- Task to complete -
Only the lines from the one bearing "Record. | |||||" through the end of the entries should be output, exactly as they stand, and pictures should be skipped.

Saved entries
########
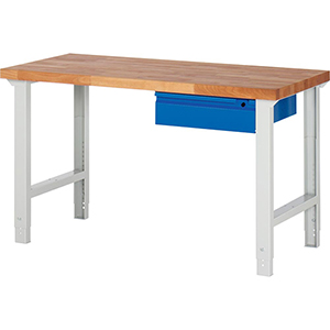 Werkbank schwarz-rot, BxTxH 1500x700x790-1140 mm, Platte Buche 40 mm 40 mm, 1 Hängeschublade 150 mm, RAL 9011/3000
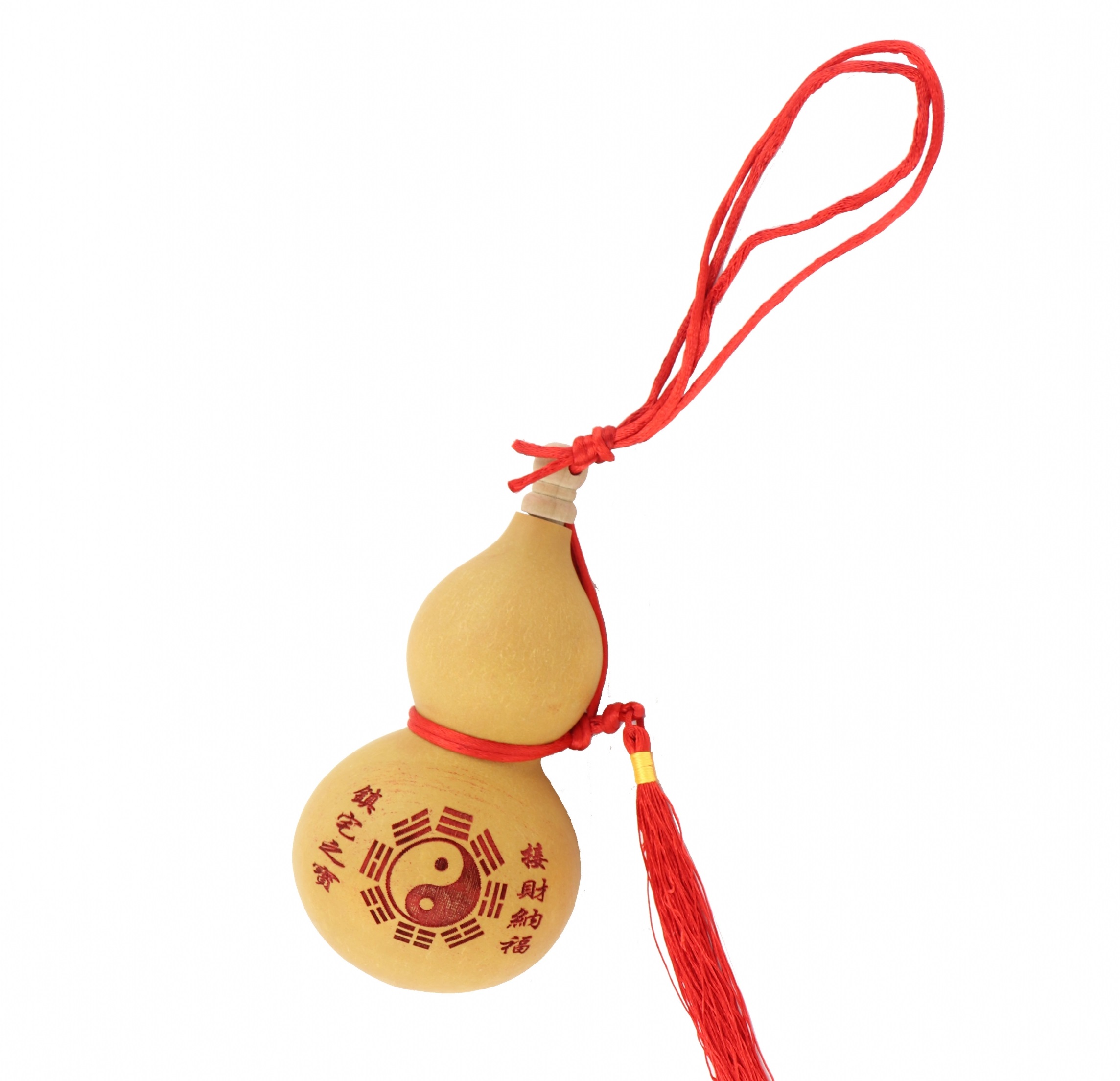 Also known as the bottle gourd, the wo lou is known to promote good health, prosperity, and good blessings. The unique shape of the wo lou is said to represent the unity of the heavens and earth: promoting one’s connection to one’s inner spirit. The wo lou is said to enhance one’s feng shui and increase positive chi in an environment and family. The wu lou is also attached one big red tassel and nice mystic knot.
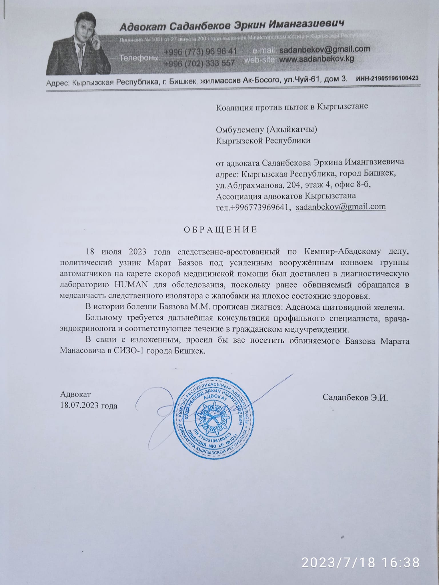 Жактоочу Баязов ооруканада дарыланышы зарыл экенин белгилеп, бул маселе боюнча Кыйноолорго каршы коалиция уюмуна жана Акыйкатчы институтуна кайрылуу жасаганын айтты.
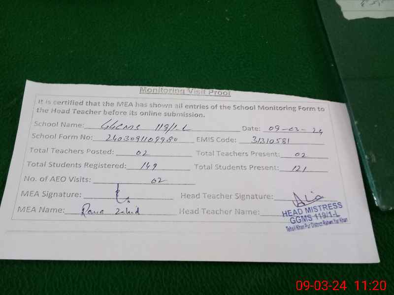 | Certified that this School was Inspected by the Undersigned MEA/DMO Today and the Information Stated Above is as Per Record. | |||||
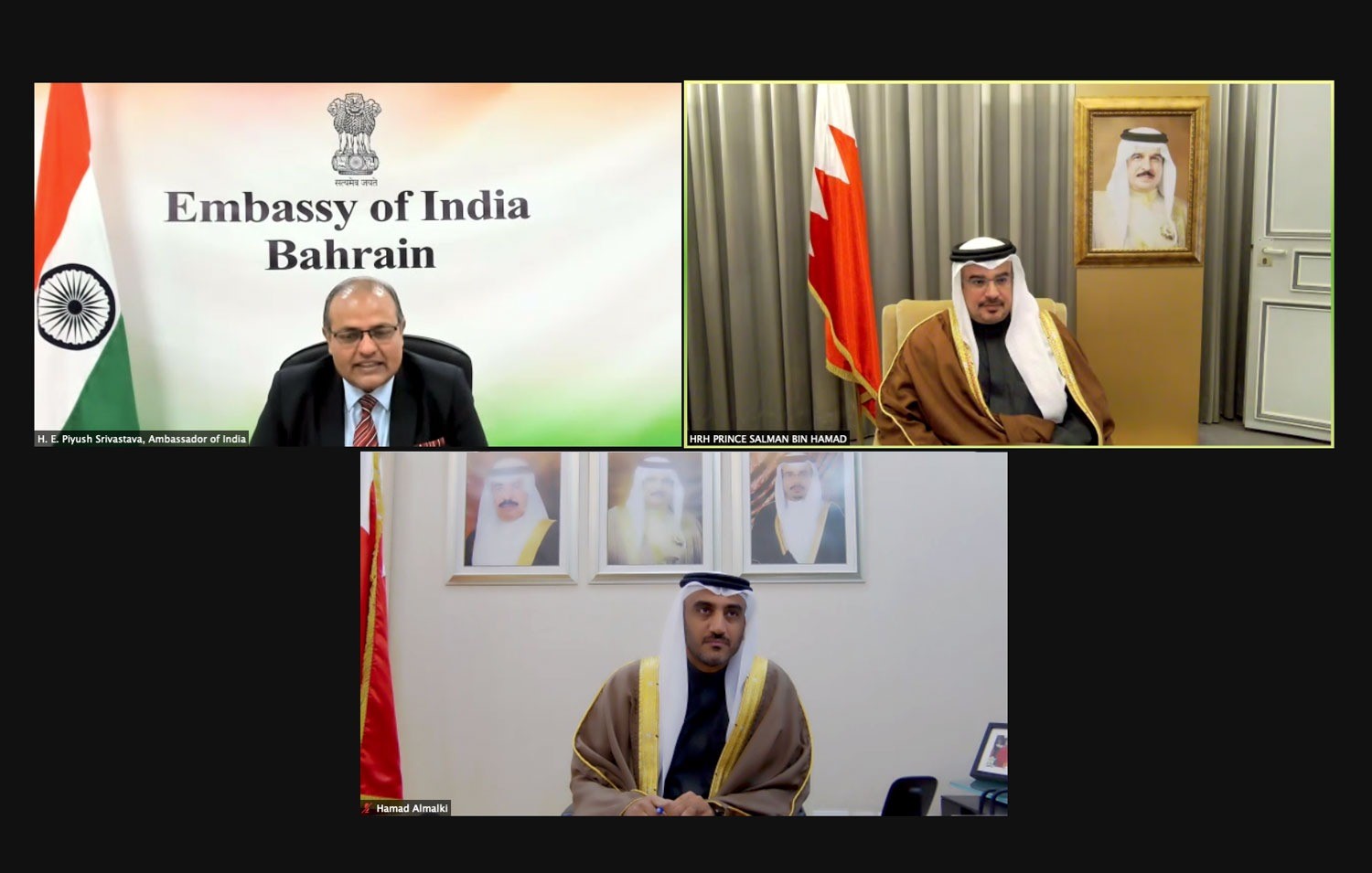His Royal Highness Prince Salman bin Hamad Al Khalifa, the Crown Prince and Prime Minister, today met remotely with the newly appointed Ambassador of the Republic of India to the Kingdom of Bahrain, HE Piyush Srivastava.
########
- Answer area -
 | Certified that this School was Inspected by the Undersigned MEA/DMO Today and the Information Stated Above is as Per Record. | |||||
His Royal Highness Prince Salman bin Hamad Al Khalifa, the Crown Prince and Prime Minister, today met remotely with the newly appointed Ambassador of the Republic of India to the Kingdom of Bahrain, HE Piyush Srivastava.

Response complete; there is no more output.